Изменить стиль страницы

Жена содержателя кондитерской, грека Николая Мазараки, неизвестно приблизительно когда и по каким причинам появившегося на берегах Невы, красавица Калисфения Фемистокловна, заставляла если не биться сердца, то смотреть, как кот смотрит на сало, многих петербургских ловеласов.

Насколько старый Мазараки был безобразен со своим ударяющим в черноту смуглым лицом, с красным, глубоким шрамом на правой щеке, длинным красноватым носом, беззубым ртом, лысой головой, жидкой растительностью на бороде и усах и испещренными красными жилками постоянно слезоточными глазами, настолько прелестна была его жена. В начале появления этой четы во главе кондитерской — двадцатитрех-, двадцатичетырехлетняя женщина в полном расцвете южной красоты.

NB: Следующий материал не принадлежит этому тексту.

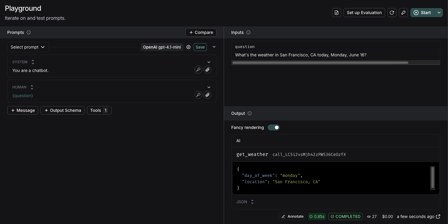 2. Custom tools: Functions you define to perform specific tasks. These are useful when you need to integrate with your own systems or create specialized functionality. When you define custom tools within the LangSmith Playground, you can verify that the model correctly identifies and calls these tools with the correct arguments. Soon we plan to support executing these custom tool calls directly.
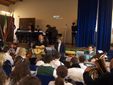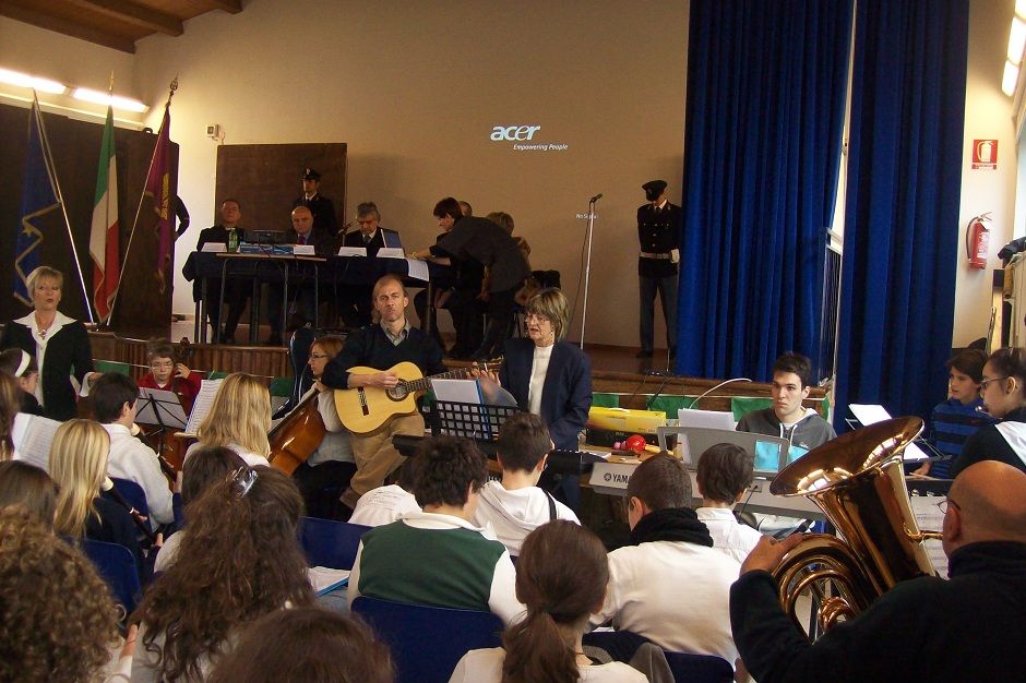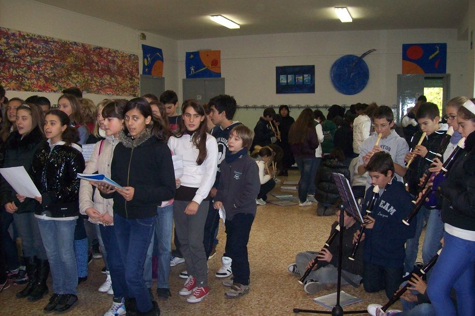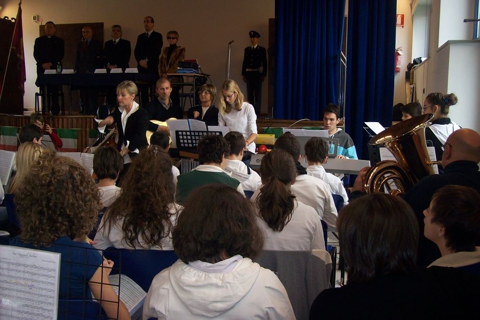 Suggestivo l’accompagnamento musicale dei ragazzi della scuola media, l’Inno d’Italia “ascoltato con piacere e per la prima volta nella sua versione integrale“ come confessa il Questore Palombi e il ricordo del grande Eroe nelle parole preparate dagli alunni.

Высокая, стройная, с черной как смоль длинной косой, толстой змеей в несколько рядов закрученной на затылке и своей тяжестью заставляющей ее обладательницу закидывать голову и придавать таким образом всей фигуре величественный, царственный вид.

Высокая грудь, маленькие руки с тонкими пальцами, миниатюрные ножки довершали чисто классическую прелесть этой женщины, с гордым, властным видом стоявшей за прилавком и с видом полководца распоряжавшейся армией «гарсонов».

Такова она была в своем величавом спокойствии.

Она была, если только это возможно, еще лучше, когда ее громадные миндалевидные глаза дарили кого‑нибудь приветливым взглядом и когда ее красные, как кораллы, художественно очерченные губы складывались в радостную улыбку.

С этим выражением лица, против которого немногие могли устоять, встречала она почти всегда своих постоянных посетителей.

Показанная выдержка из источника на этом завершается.